Meetings at Symantec’s Springfield campus tend to revolve around technical issues, so when Cass Averill asked his boss for a sit down six years ago, the manager assumed they’d be talking about systems or software.
“I’m transgender,” Averill said. “Do you know what that means?”
Matt Barton didn’t know any other transgender people. He was a new manager and unsure what to do next, besides try to protect his employee.
He called human resources, figuring someone in the 20,000-person multinational Fortune 500 company would know.
They didn’t.
Oregon law has long prohibited employers from firing workers because of their gender identity, but that protection offered little practical guidance for managers. So Averill and Barton found themselves in the awkward position of making up a corporate policy as they went: Averill would use a new name, new pronoun and new bathroom. How would Symantec bosses, responsible for both creating an effective organization and protecting the rights of individual employees, respond?
Six years later, more and more companies nationwide face similar questions.
Many large corporations have already answered it: More than 400 U.S. corporations, including Nike and Intel, already offer transgender-inclusive health care policies, and nearly 300 have gender-transition guidelines in place, according to the Human Rights Campaign.
But the thousands of companies that haven’t must adapt soon, experts say, or risk discrimination lawsuits. Symantec’s experience, then and now, offers important lessons.
Averill, 33, grew up in Reedsport and fell in love with computers when he saw a Commodore 64 at 8.
He had already begun to suspect he was transgender when he began working at Symantec in 2006, but he wasn’t ready to come out. Nationwide, 47 percent of transgender people say they have experienced “extreme adverse reactions” in the workplace, according to a 2011 National Center for Transgender Equality study. That means they’ve been fired or denied interviews and promotions.
Many transgender people start over somewhere else with a new name and new pronouns when they transition to a different gender. But Symantec was Averill’s dream job.
Though companies have integrated other marginalized groups, including people of color, women and gays and lesbians, into the workforce before, none presented quite the same challenges. Gay employees, for instance, could choose not to come out.
“You just can’t transition from one sex to the other without people noticing,” said Janis Walworth, a Bellingham-based consultant for companies with transgender employees. “Once you’ve established your relationship with somebody else, if they change, you have to change. Your interaction changes.”
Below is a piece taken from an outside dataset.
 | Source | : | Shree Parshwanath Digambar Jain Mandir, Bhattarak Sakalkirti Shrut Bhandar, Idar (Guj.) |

Averill had gone by “Cass” socially for years, but the name on his email and other official documents would change. His face and voice would change, too, as he began taking testosterone. Co-workers would have to call him he — not she, as they had done for two and a half years. Eventually, Averill would use the men’s restroom.
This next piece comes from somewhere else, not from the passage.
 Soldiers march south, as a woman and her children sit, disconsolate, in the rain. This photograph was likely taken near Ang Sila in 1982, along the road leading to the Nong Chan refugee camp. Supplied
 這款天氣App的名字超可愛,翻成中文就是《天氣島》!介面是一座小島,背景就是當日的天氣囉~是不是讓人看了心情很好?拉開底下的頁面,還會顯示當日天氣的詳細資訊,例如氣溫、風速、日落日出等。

After that first meeting, Barton and Averill agreed to do some research. Averill found an LGBT professionals group on Yahoo: “Has anyone out there done this before?” he wrote.
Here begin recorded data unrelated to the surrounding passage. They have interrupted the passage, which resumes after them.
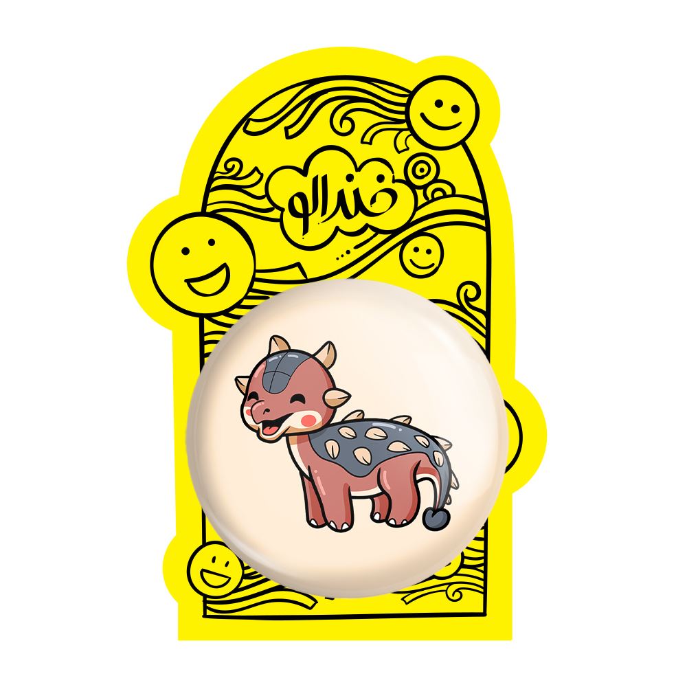 پیکسل بزرگ دایناسور بامزه خندالو با روکش سلفون حرارتی مات مخملی ضدخش و قطعه پشتی فلزی تولید می شود. قطعات پشت پیکسل های خندالو با سوزن یک تکه ثابت و بدون لغزش و جا به جایی، ایستایی بسیار خوبی دارند که این مهم در تولید پیکسل های 58 میلیمتری نیز رعایت شده است.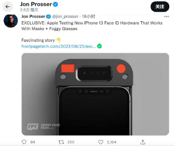 智东西8月26日消息,据爆料人士乔恩·普罗瑟(Jon Prosser)称,苹果正在测试新的Face ID硬件。当你戴着口罩时,新硬件也能完成人脸识别。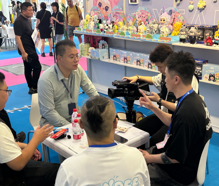4 月 10 日,2026 国际玩具及潮玩(深圳)展览会进入第二日,展会热度持续走高,各大品牌展区客商云集、交流热烈。作为本届展会备受关注的中国原创潮玩 IP,Yeypee 展位依旧人气高涨,产品展示与商贸洽谈同步高效推进,更吸引央视 CCTV 记者来到展位现场交流,深入了解品牌发展与产品布局,充分体现出行业及权威媒体对国产潮玩品牌的高度关注。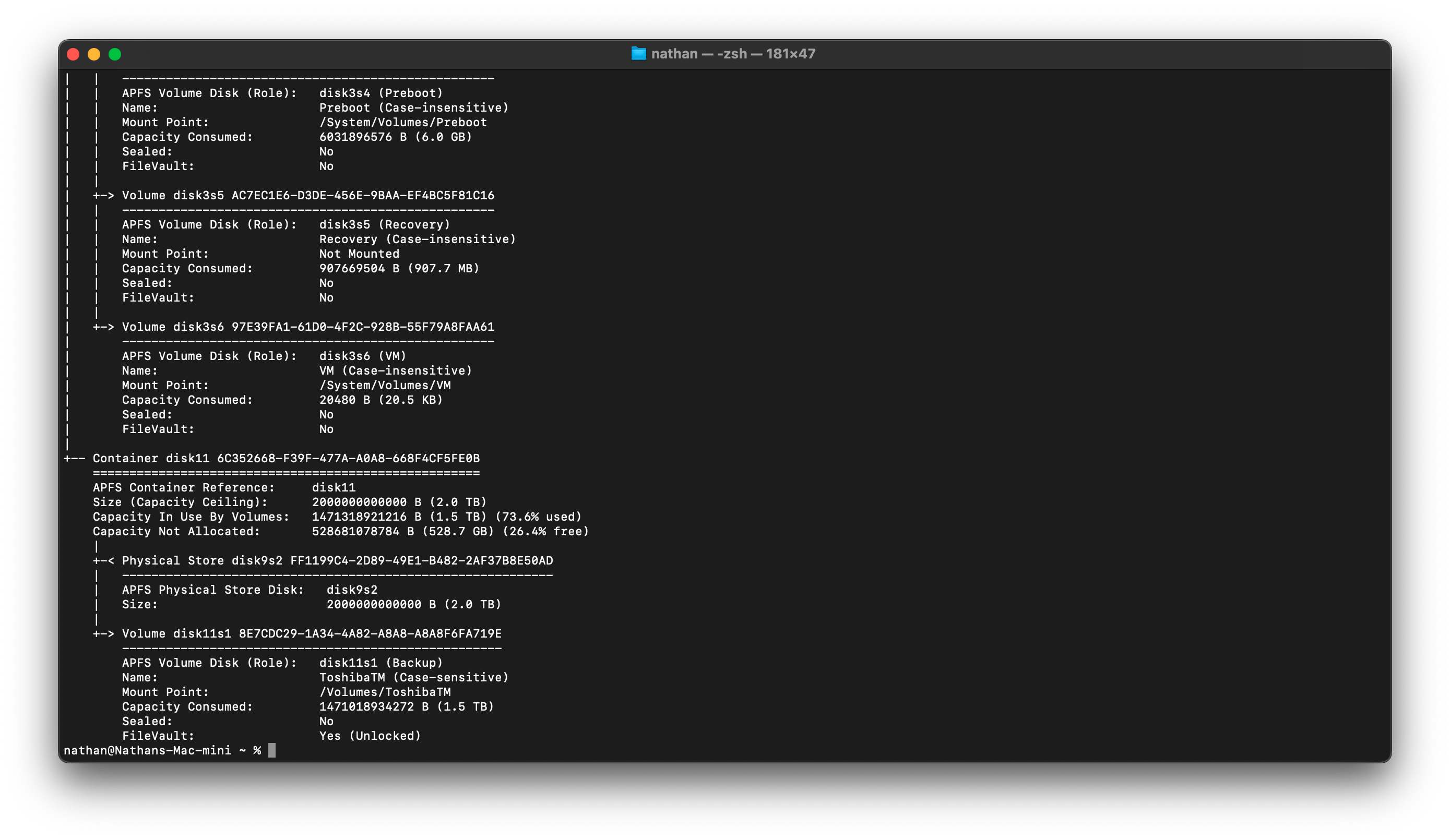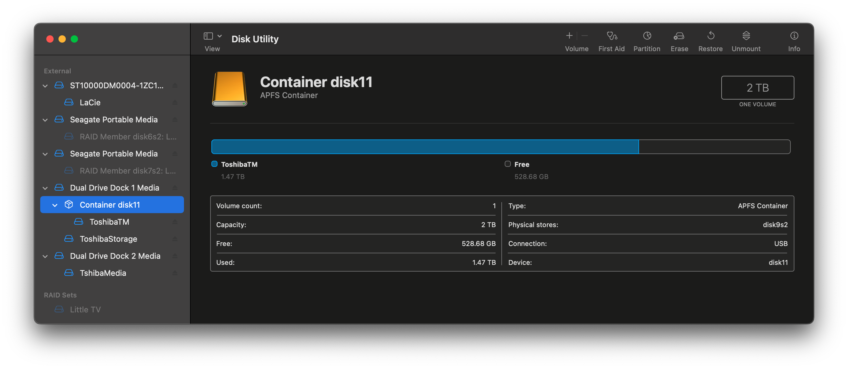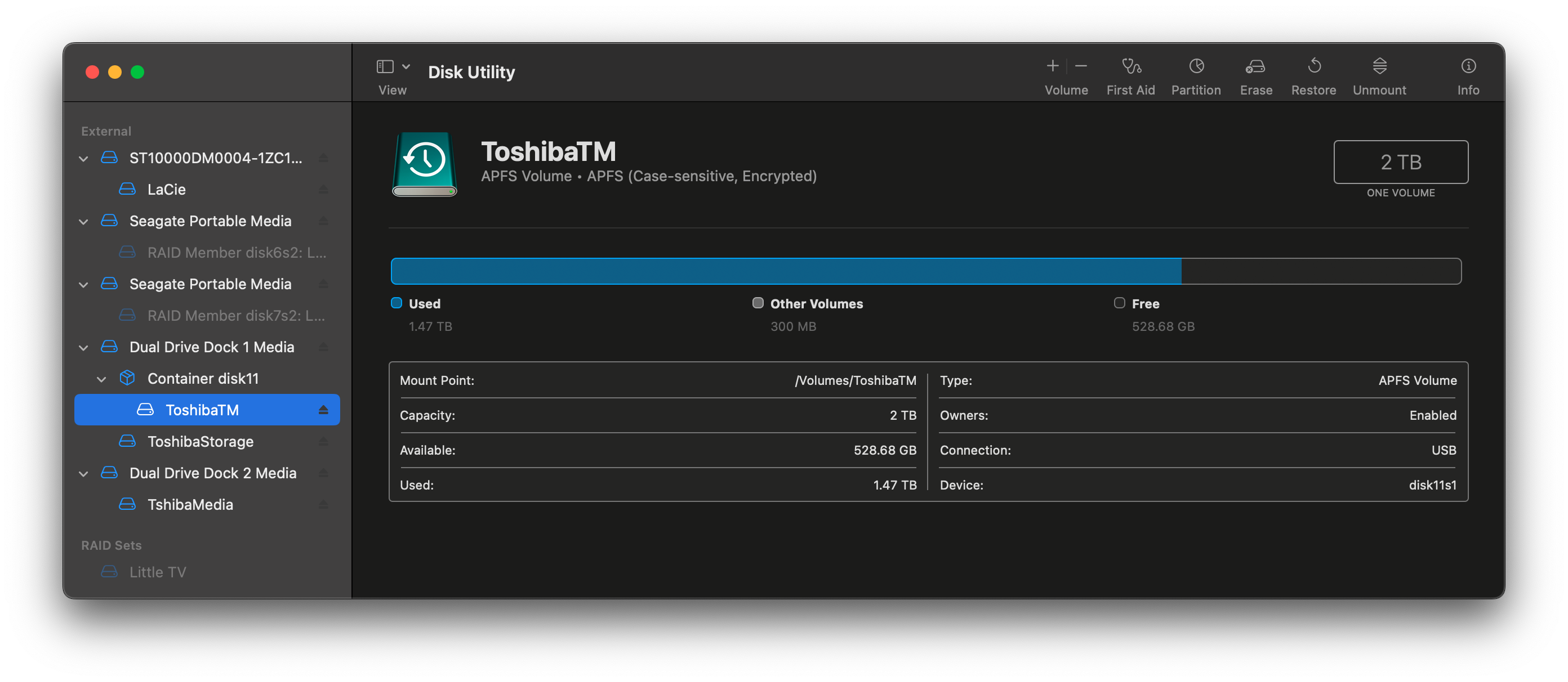 • disk11 has a single 2.0 TB APFS Container with a single APFS Volume, named ToshibaTM which appears to be used for Time Machine. disk11 is the only external drive with APFS formatting

Two transgender women from the University of California Davis told Averill they had come out via email to their co-workers.
Barton and Averill began working on a draft of their own letter with higher-up managers, human resource representatives and company lawyers. They also began investigating how Averill could change the name on his email account, software logins and identification badge. There was precedent for that, they learned: Women often asked to make the same change when they married.
Six months after Averill and Barton’s first meeting, 300 employees who worked directly with Averill received an email from Barton’s boss, senior manager Dennis Chong.
“One of our staff members will be undergoing a major change in their life,” it began. “While this change is of a personal nature, it is also one that may be surprising to many of you, and may even be uncomfortable to some. … Cass will be taking a major step in a gender transition where he will fully assume his life’s role as a man.”
Questions could go to Averill, Barton or human resources, the letter explained — “unless, of course, the question is too personal.” Symantec hired counselors to talk with employees who had concerns.
Some co-workers came to hug Averill as soon as they received the email. Averill’s teammates corrected co-workers who called him “she.”
“Everyone has that movie reel in their head of all times past they’ve interacted with you,” Averill said. “If that movie reel is one name and gender, it’s going to take a while to transition to a different name and gender.”
The biggest hurdle was the bathroom. Some companies, including Symantec, have policies that allow employees to use whatever restroom corresponds with their gender identity. Earlier this summer, the U.S. Department of Labor’s Occupational Safety and Health Administration urged all employers to adopt similar policies or risk creating unsafe spaces for transgender employees.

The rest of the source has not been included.